Which Form of Physical Gold Is Best to Invest?
By Ed Moy, MoneyNews.com
Depending on your investment goals, there are many forms of physical gold available, each with their own pros and cons.
The most common form is jewelry. That is because the two largest purchasers of gold in the world are India and China, and individual investors there have three preferences that drive those markets.
First, they want to pay as little of a markup as possible over the price of gold. Second, they want the gold to be easily portable. Third, they want to show it off.
Jewelry meets these three preferences the best. However, the risks are potentially buying poor quality or even fake gold and jewelry is not as liquid as are some other forms of gold.
The cheapest form is ingots and bars. While used interchangeably, bars are usually larger, while ingots are smaller. Because their manufacturing costs are minimal, they are the cheapest to buy. Private sector gold companies dominate this market, because few government mints make them (mints were created to make coins). Bars are very popular with large individual investors and institutional investors who do not want the hassle of storing 400 1-ounce coins when they could own a 400-ounce bar. As with jewelry, there is the risk of buying poor quality or even fake gold. Further, when it is bought and sold, the buyer usually insists on each bar being assayed to determine its purity and weight.
The world standard among investors is government-made bullion coins.
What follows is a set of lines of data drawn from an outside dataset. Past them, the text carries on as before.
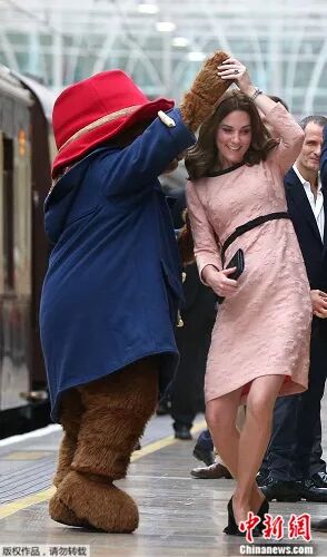 活动期间,凯特王妃大方与帕丁顿熊共舞。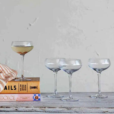 Raise a toast in style with our 8 oz. Stemmed Champagne/Coupe Glass. Crafted from hand-made glass, this coupe glass features a ribbed vintage desig...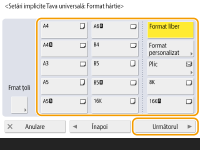 Apăsaţi <X> sau <Y> pentru a introduce lungimea fiecărei părţi utilizând tastele numerice. ![]() Dacă înregistraţi formatul de hârtie pe care îl utilizaţi frecvent pe butoanele <S1> – <S4>, puteţi să le apelaţi cu o singură atingere. Înregistrarea unui format liber de hârtie (format personalizat) | |
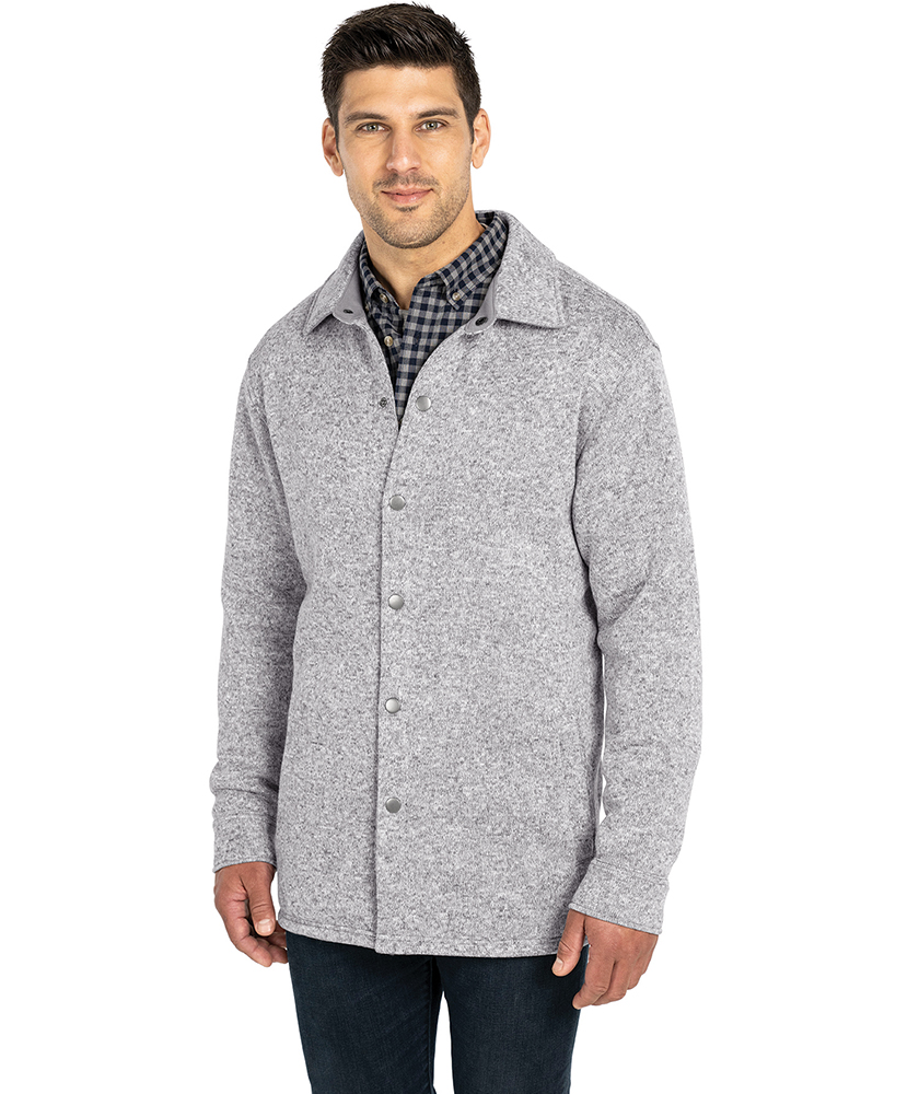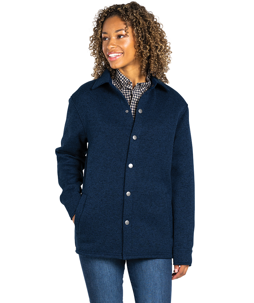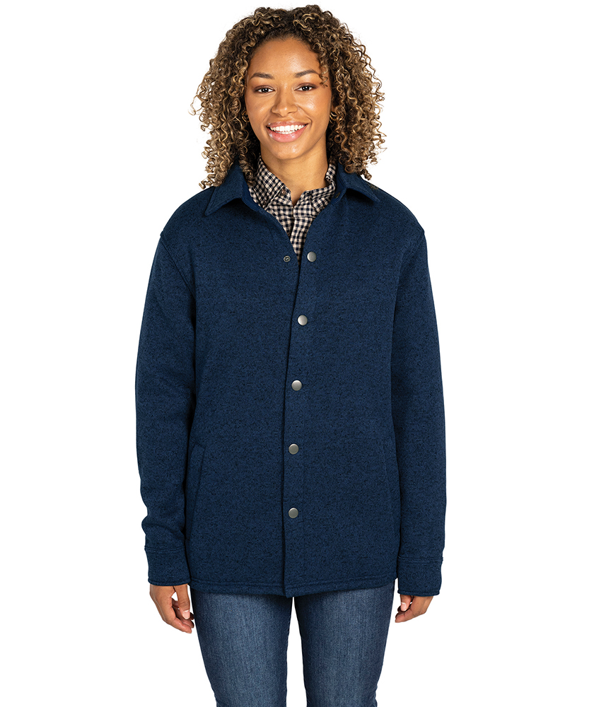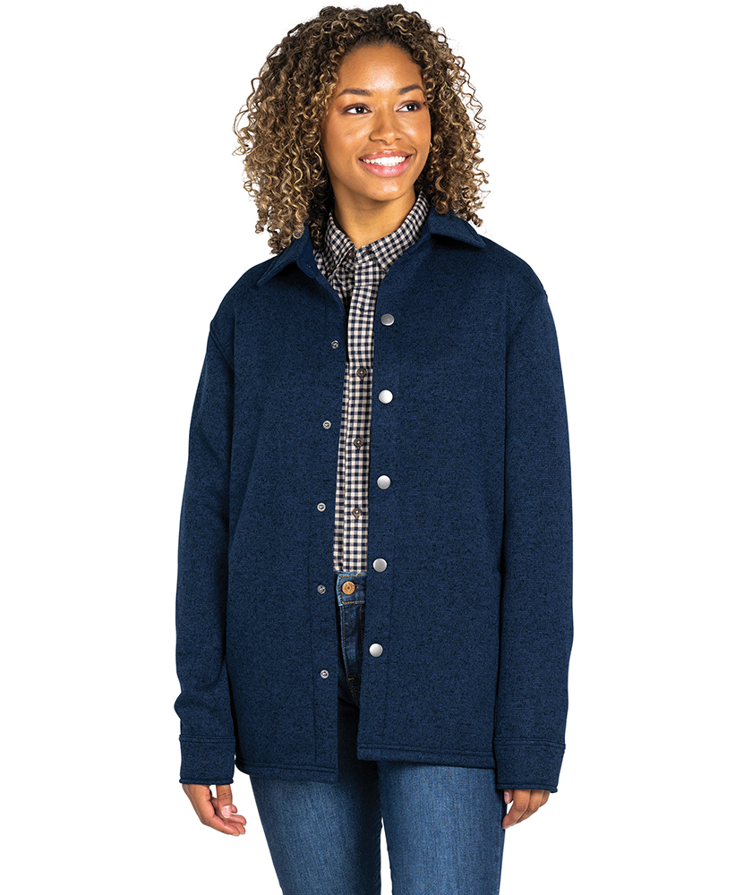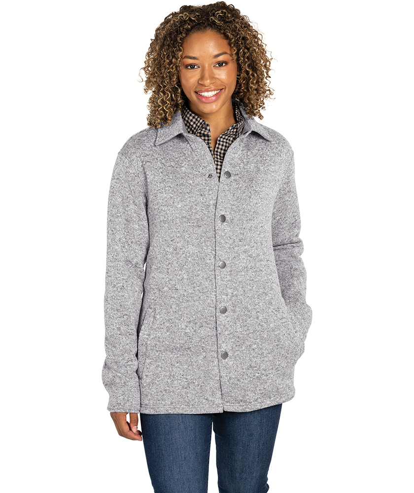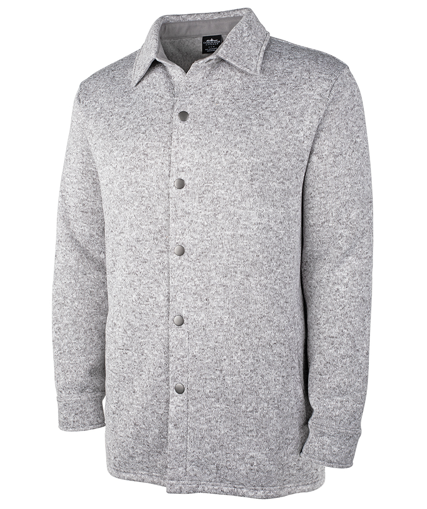 Perfect for everyday styles, the Heathered Fleece Snap Shacket is equal parts sweatshirt and jacket come together for a casual, elevated look. Made from 100% unique polyester fleece, this shacket's fabric is brushed on the inside for softness and yarn-dyed to produce a heathered appearance. Features snap placket with single-snap cuff for easy on-off. Available in multiple colors, this customized pullover makes a great giveaway at your next event!

These bullion coins are produced for the sole purpose of providing investors with security and confidence of the official standards and specifications of a government treasury. In addition, each government guarantees the weight, content and purity of each coin it makes. Even the design for each type of coin is standardized, making the bullion coins easily recognizable among investors. Because of the government guarantees and standards, there is a ready market for buying and selling, and therefore these bullion coins offer the greatest liquidity. Their disadvantage is that it costs more to manufacture a coin with these high standards, but that premium is generally accepted in the pricing of the coin as it is bought and sold.
The modern bullion coin started with South Africa’s Krugerrand in 1967. It is a 22 karat gold coin that contains exactly 1 ounce of gold plus a little alloy to make the coin harder. Among other 22 karat gold bullion coins, there is the English Sovereign but the U.S Mint American Eagle reigns supreme. Because 22 karat gold bullion coins have been around longer, they dominate the market.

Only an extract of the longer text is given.